Model selection has the biggest impact on speed, memory usage, and output quality.
LlamaBridge models#
For text generation and embeddings, Llamatik works with GGUF models.
Text generation#
Choose an instruction-tuned GGUF model when building chat, assistants, extraction, or summarization features.
Embeddings#
Use a model specifically intended for embeddings when calling initEmbedModel(...) and embed(...).
Do not assume your generation model is a good embedding model.
Quantization#
GGUF models are often distributed in multiple quantizations. The tradeoff is straightforward:
- smaller quantizations: lower memory use, faster inference, lower quality
- larger quantizations: higher memory use, slower inference, often better quality
A good development strategy is:
- start with a small quantized model to validate your integration
- move to a larger target model once everything is working
Stable Diffusion models#
For StableDiffusionBridge, use a model compatible with the native backend used by the library.

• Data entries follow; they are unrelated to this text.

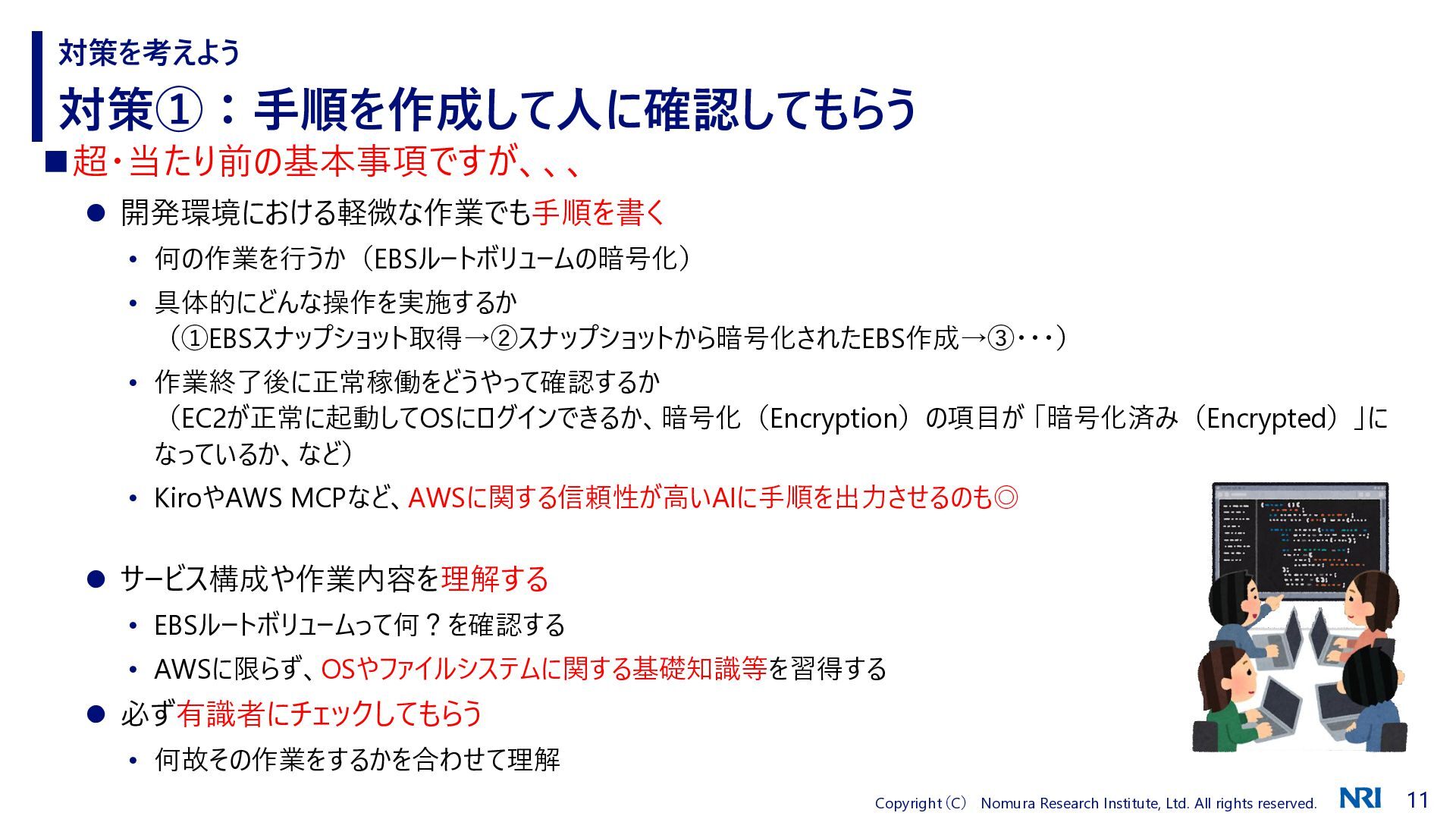 対策①:手順を作成して人に確認してもらう 対策を考えよう ◼超・当たり前の基本事項ですが、、、 ⚫ 開発環境における軽微な作業でも手順を書く • 何の作業を行うか(EBSルートボリュームの暗号化) • 具体的にどんな操作を実施するか (①EBSスナップショット取得→②スナップショットから暗号化されたEBS作成→③・・・) • 作業終了後に正常稼働をどうやって確認するか (EC2が正常に起動してOSにログインできるか、暗号化(Encryption)の項目が 「暗号化済み(Encrypted)」に なっているか、など) • KiroやAWS MCPなど、AWSに関する信頼性が高いAIに手順を出力させるのも◎ ⚫ サービス構成や作業内容を理解する • EBSルートボリュームって何?を確認する • AWSに限らず、OSやファイルシステムに関する基礎知識等を習得する ⚫ 必ず有識者にチェックしてもらう • 何故その作業をするかを合わせて理解
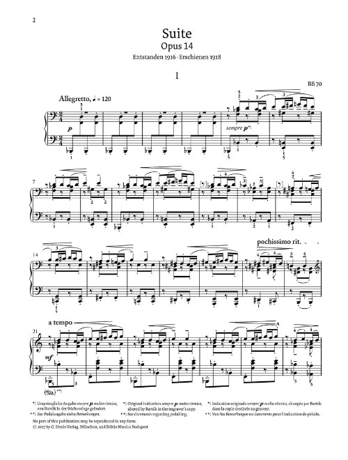 Composer: Béla Bartók Suite, Op. 14 Piano Solo Publisher: Henle Urtext Edition Category: Classical Series: Henle Music Folios Format: Softcover The four-movement Suite op. 14 was composed in 1916 and was one of Bartók's favourite piano...Regular price $22.99 -
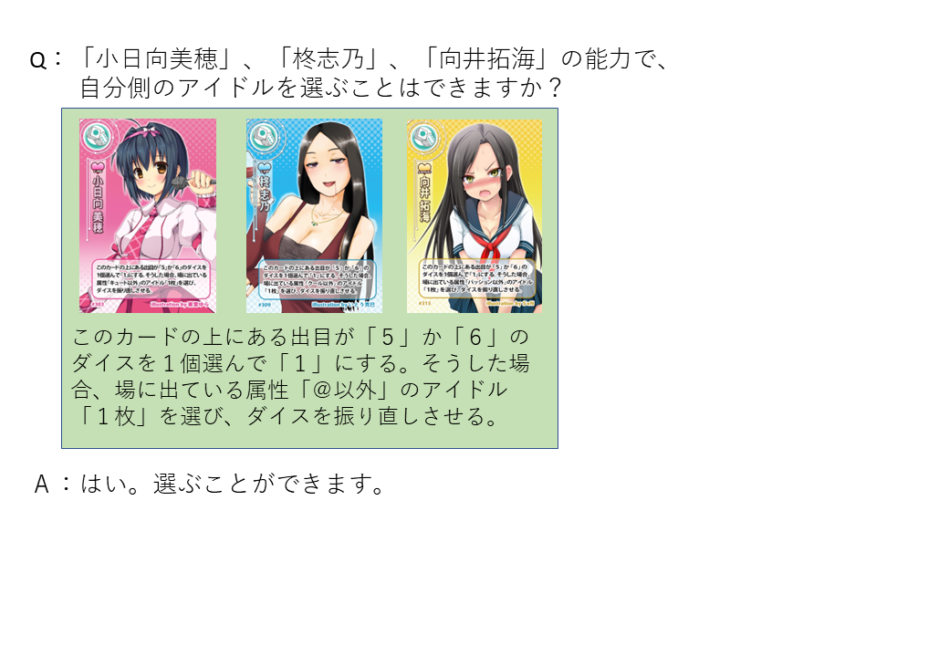 Q:「櫻井桃華」、「高峯のあ」、「堀裕子」の能力で、出目が1下げられる対象の
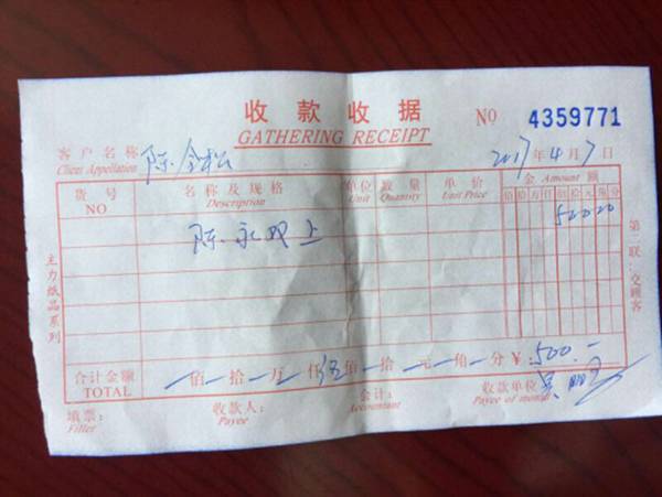 陈永双还给澎湃新闻出示了4月7日他为儿子向看守所交生活费的收款收据。
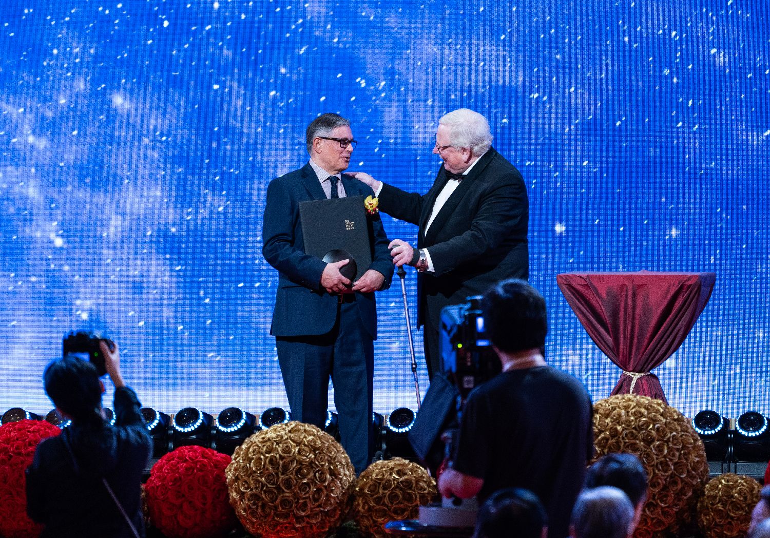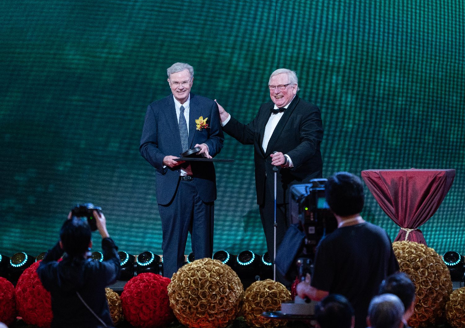 10月21日晚,沃尔夫冈·鲍迈斯特(左)从邵逸夫奖评审会主席莱因哈德·根舍手中接过奖项。
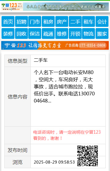 个人名下一台电动长安M80,空间大,车况良好,无大事故,适合城市跑拉拉,现低价出手。联系电话13007004648 【电话咨询时,请一定说明在太原生活网看到的,谢谢!】 |
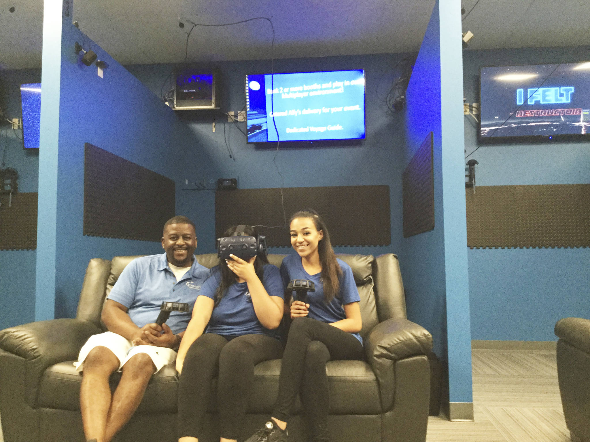 Through use of the latest VR headsets and controller technology, visitors can reserve one of eight “living rooms” for up to four players for a half hour or hour at a time. Because many customers are first-timers in the VR world since the arcade opened July 21, the first 10 minutes are free, Holley said.
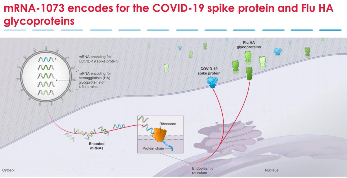 Uma das propostas da Moderna é a vacina contra COVID-19/Gripe. Nela, RNA mensageiros com informações de proteínas da estrutura dos dois vírus são usadas pela célula para produzir e apresentar somente essas proteínas para nosso sistema imunológico, conferindo a proteção para as 2
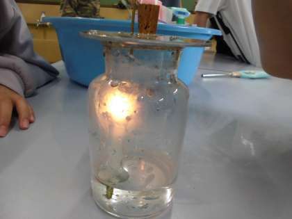 酸素が多い空気の中では,ろうそくの火が輝くように光っていました。

Since image generation is heavier than text generation, start with conservative image sizes and settings while validating performance.
Whisper models#
For WhisperBridge, choose a model size that matches your latency and accuracy goals.
Smaller models are faster and lighter; larger models are usually more accurate.
Shipping strategy#
Models can be large, so most apps choose one of these approaches:
- bundle a small default model
- download models after installation
- let advanced users choose which models to download
Practical advice#
- Keep one model per task at first: one text model, one embedding model, one Whisper model, one image model.
- Reuse initialized models rather than loading them repeatedly.
- Test on real target hardware, especially for mobile image generation.